Hi @Ajay Saini

I need to use it with all the licenses (TAMC).

Question is how do I use it in NGIPS mode?

If I select top Part number: FPR2130-BUN then I only have two options to select for hardware:

-FPR2130-NGFW-K9 and 

-FPR2130-ASA-K9 

(see the attached screenshot).

So no option for NGIPS. 

If on the other hand I select FPR4110-BUN as top part number then there is an option to add  FPR4110-NGIPS-K9 as hardware.

Hence my question here: Is NGIPS mode supported on 2100 series (like the documentation says it is) or is it only available on the 4100 series?

Regards.

Hello,

NGIPS mode is definitely supported, I have a 2140 HA pair configured and working as NGIPS with all the features. Out of 2, you should order FPR2130-NGFW-K9. This will run FTD image vs an ASA image which runs on FPR2130-ASA-K9.

-HTH

AJ

Hi @Ajay Saini

If I select FPR2130-NGFW-K9 as the hardware then under subscription I only have this options:
-L-FPR2130T-T= - Threat Defense Threat Protection License

-L-FPR2130T-TM= - Threat Defense Threat and Malware License

-L-FPR2130T-TC= - Threat Defense Threat and URL License

-L-FPR2130T-TMC= - Threat Defense Threat, Malware and URL License

(See attached screenshot)

So no option for IPS?

Which one of the licenses would cover everything (IPS, Malware, URL filtering)?

Regards.

Thank you very much for clearing that up. It's definitely confusing. 

And what about management? The devices should be managed through a regular Firepower management server right? Are additional licenses required for this (for the management through a Firepower management server)?
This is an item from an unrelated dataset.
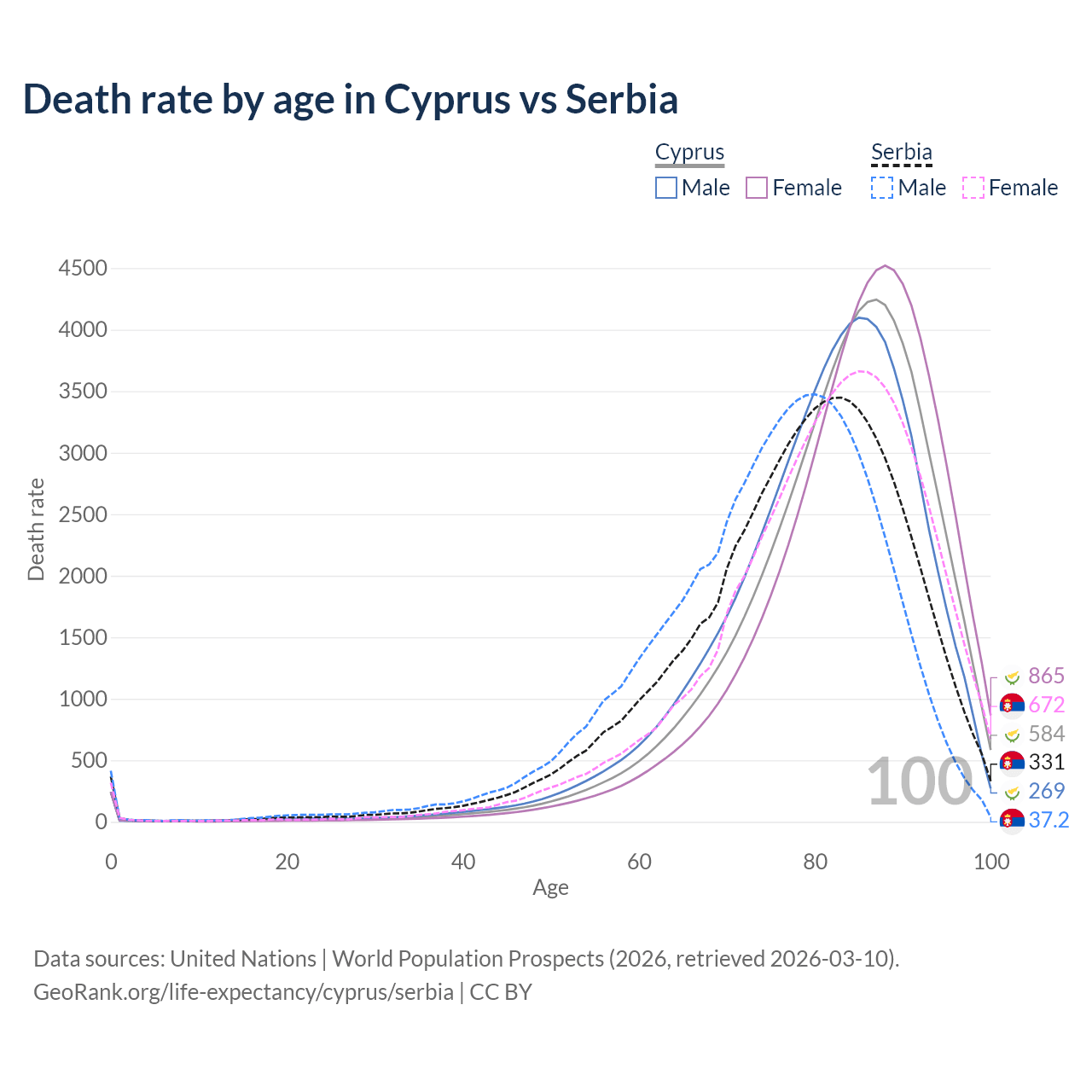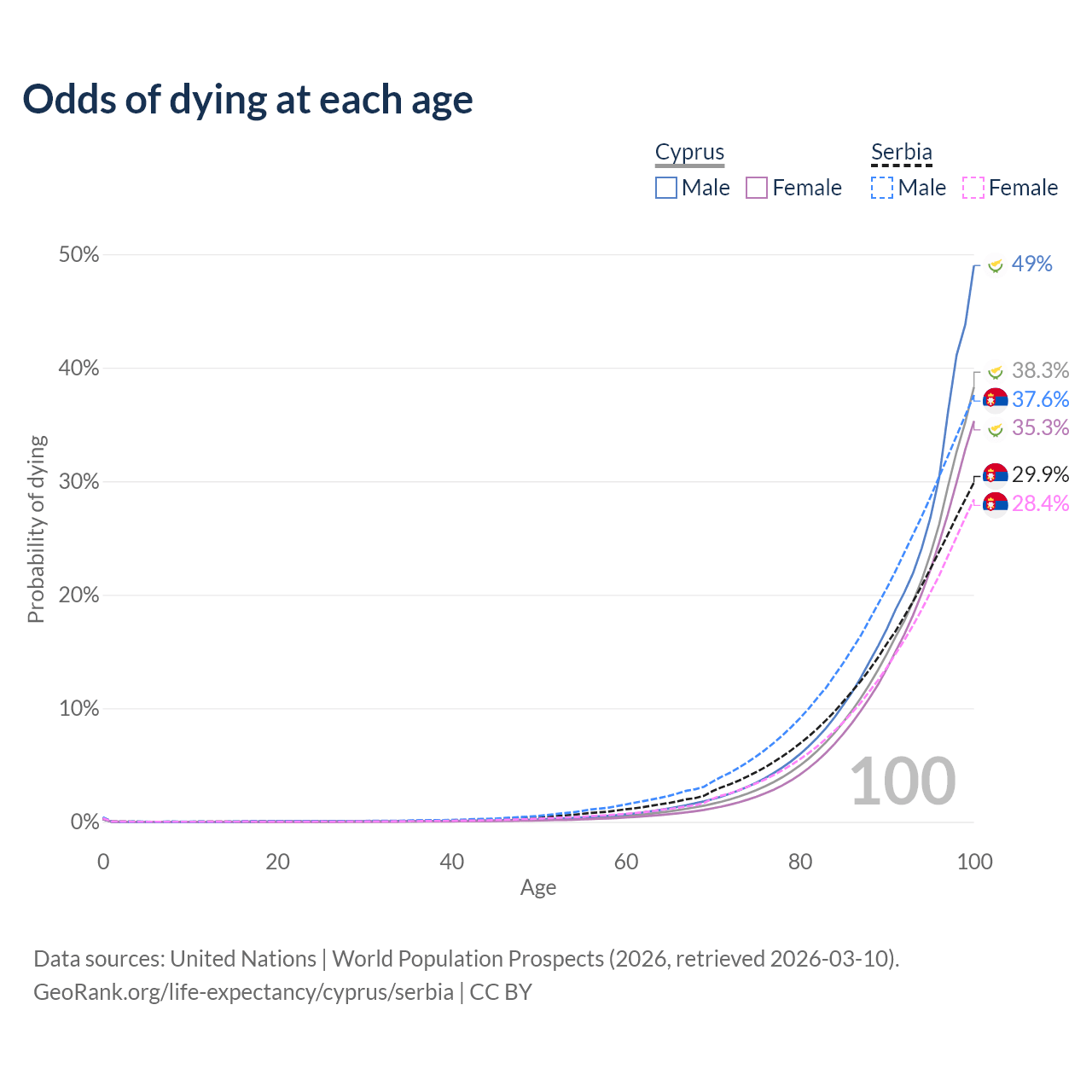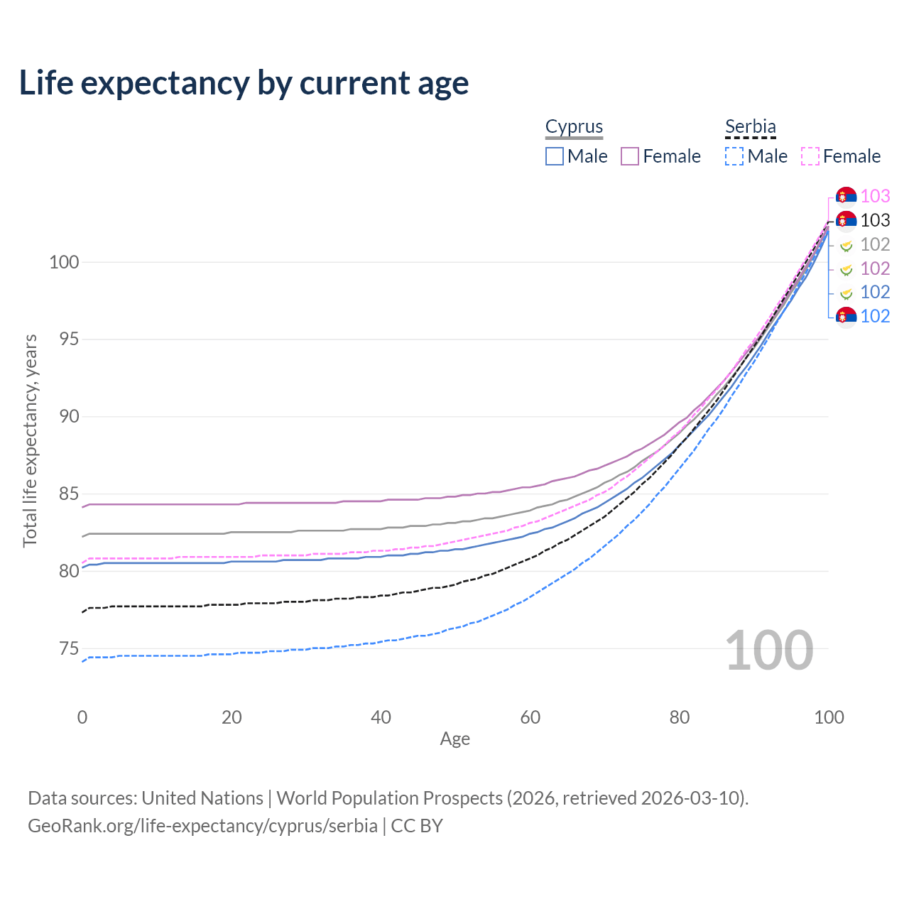 This life expectancy calculator shows the odds of living to 100, 95, 90, and below based on current age for both males and females in Cyprus and Serbia, along with mean and median age of death. The calculations are based on the 2026 life tables (actuarial tables) from the UN World Population Prospects.

Can the same firepower management server manage ASA 5545 with firepower and 2100 firewalls?

Regards.

Hello,

FMC will manage only firepower portion of the ASA, not the complete ASA. Unlike ASDM, FMC will only manage the firepower components. Also, if you have sufficient licenses and memory available, you should be able to manage multiple devices using same FMC. So, you should be able to manage ASA 5545 Firepower and 2130 devices(provided license is sufficient)
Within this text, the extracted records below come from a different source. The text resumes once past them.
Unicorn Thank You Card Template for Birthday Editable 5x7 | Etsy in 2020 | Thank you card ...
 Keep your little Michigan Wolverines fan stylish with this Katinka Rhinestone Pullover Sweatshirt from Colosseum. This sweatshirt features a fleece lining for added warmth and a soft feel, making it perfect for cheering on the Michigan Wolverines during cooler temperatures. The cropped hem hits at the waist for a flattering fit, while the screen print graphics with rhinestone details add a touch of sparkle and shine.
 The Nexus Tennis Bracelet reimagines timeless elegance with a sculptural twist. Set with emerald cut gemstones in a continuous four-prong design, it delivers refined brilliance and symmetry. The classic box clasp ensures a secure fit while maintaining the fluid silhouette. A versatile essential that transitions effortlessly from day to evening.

License is required for FMC to be able to manage sensors(devices). For example, Virtual FMC can manage 2,10 or 25 devices based on the license added:

https://www.cisco.com/c/en/us/products/collateral/security/firesight-management-center/datasheet-c78-736775.html?cachemode=refresh

Ofcourse all the licenses are added to the FMC(FMC and device licenses) once it is installed.

-HTH
AJ 

Hi,

Yes, I'm aware that you buy a FMC with a certain ammount of licenses for the number of the devices that it should manage.
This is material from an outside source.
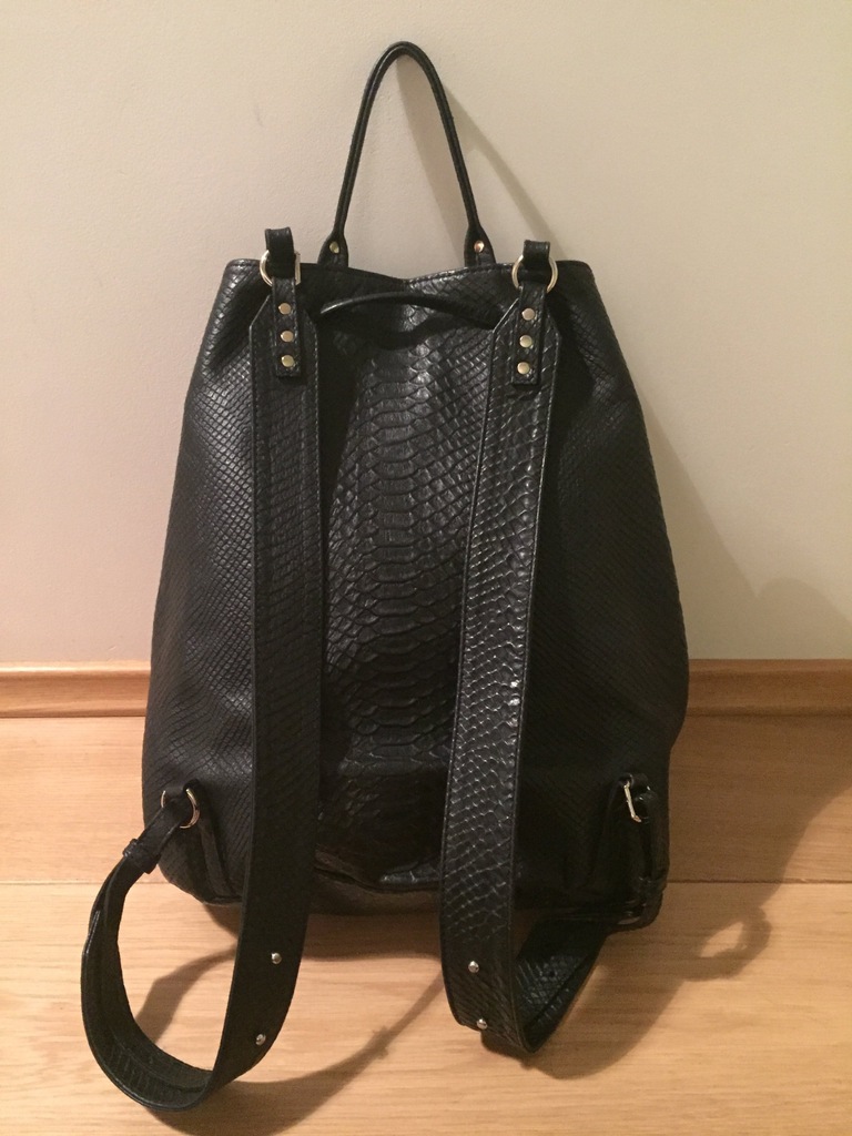 Ramiona plecaka regulowane za pomocą knopików, skórzana rączka.

What I meant was are some licenses required on the 2100 so that it can me managed by a FMC? Like connect license?

Regards.

No specific license is needed on 2100 or any other device to be managed by FMC.

The only license required is the FMC license wherein we define the number of devices that can be managed.

Regards,

Ajay

Thank you very much!

Actually, if you re-image your ASA with FTD (firewall+ngfw unified image) then you will be able to manage the entire firewall with FMC.

However, mind that FTD does not have all the features the classic ASA image has. They're working on it, but will take a while.